Brigadier Inayat relents. Capt Asfandyar drives an armoured vehicle straight into the terrorists to pinpoint their positions. He drives back safely through a hail of bullets. An assault party of 12 Punjab Regiment and 15 Baloch Regiment is quickly assembled under the command of Capt Asfandyar. The troops head straight to the mosque, where two terrorists are immediately pinned down and eliminated. As Capt Asfandyar moves to nearby barracks, two more terrorists start firing indiscriminately. But the young officer takes them down within no time.

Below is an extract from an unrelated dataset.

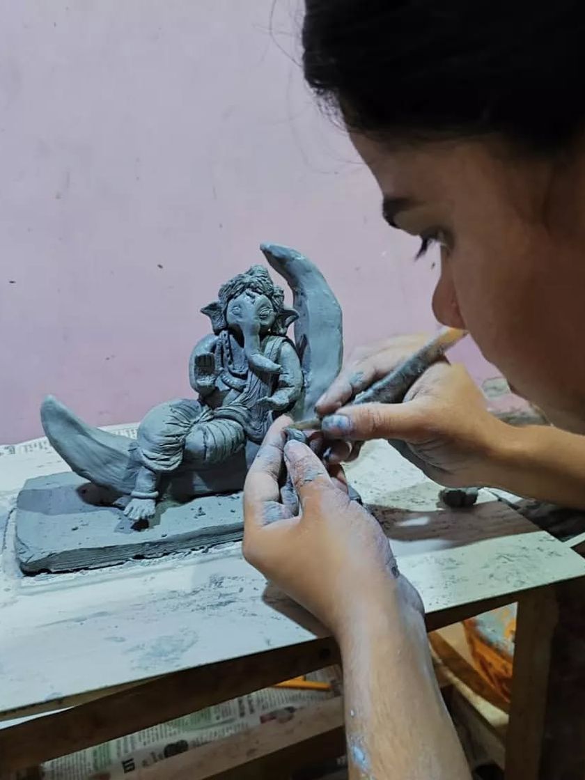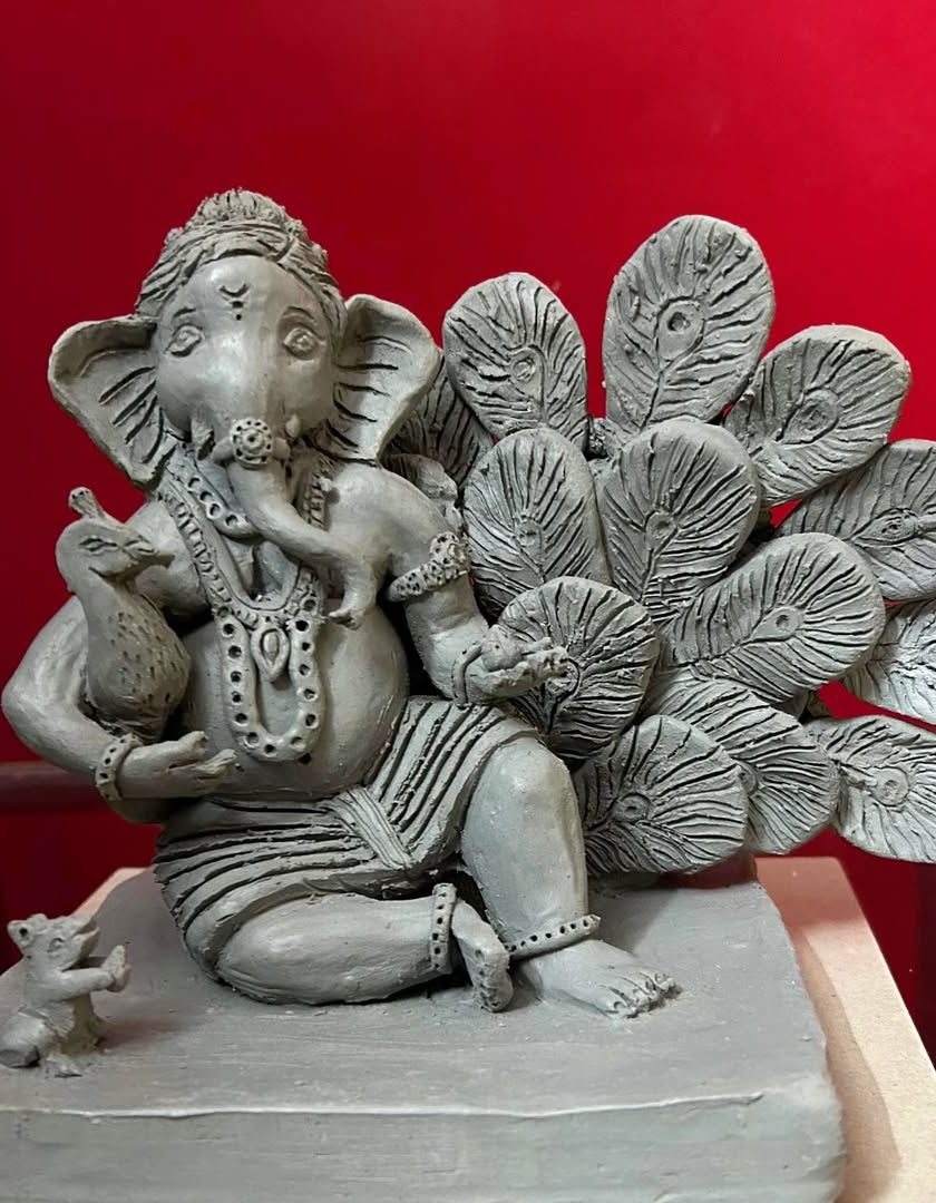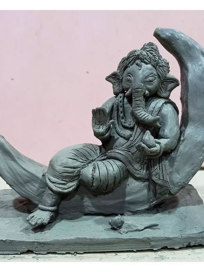 I create unique, commission-based Ganesha idols from Shadu clay. Each piece, like the 'Bappa on a Moon' or the 'Mayur Pankh Ganesha', is designed to your vision and sculpted entirely by hand.

A fifth terrorist suddenly appears and charges at Capt Asfandyar who jumps to take cover behind a concrete pillar. The terrorist is firing ferociously. Capt Asfandyar doesn’t fire even a single bullet. The terrorist stops firing believing he has had his man. This is when Capt Asfandyar emerges from behind the pillar to finish the terrorist off. Around 8am, Capt Asfandyar radios to Brigadier Inayat that the mission is accomplished.
But then, suddenly the eagle-eyed officer sees movement in a barrack. Subedar Saeed volunteers, but Capt Asfandyar himself decides to lead a team into the room. He orders the troops to follow him. As he charges in, a terrorist is spotted recoiled in a corner behind furniture. He is trembling with fear, frozen and unable to fire. Capt Asfandyar, who wants to capture the terrorist alive, asks him to surrender. But the terrorist finally manages to fire. The bullets hit the floor and ricochets to hit Capt Asfandyar in the leg. The daring officer realises that the terrorist will not turn himself in. He fires a burst at the terrorist but not before the militant also fires a salvo. Capt Asfandyar is hit in the face and chest. He dies before he is evacuated to Peshawar for treatment. In this operation, Capt Asfandyar alone took down five terrorists. He is decorated with the Tamgha-e-Jurat, the fourth highest military award of Pakistan, which is awarded for extraordinary heroism in armed combat with an opposing force on Pakistan’s soil or outside its borders.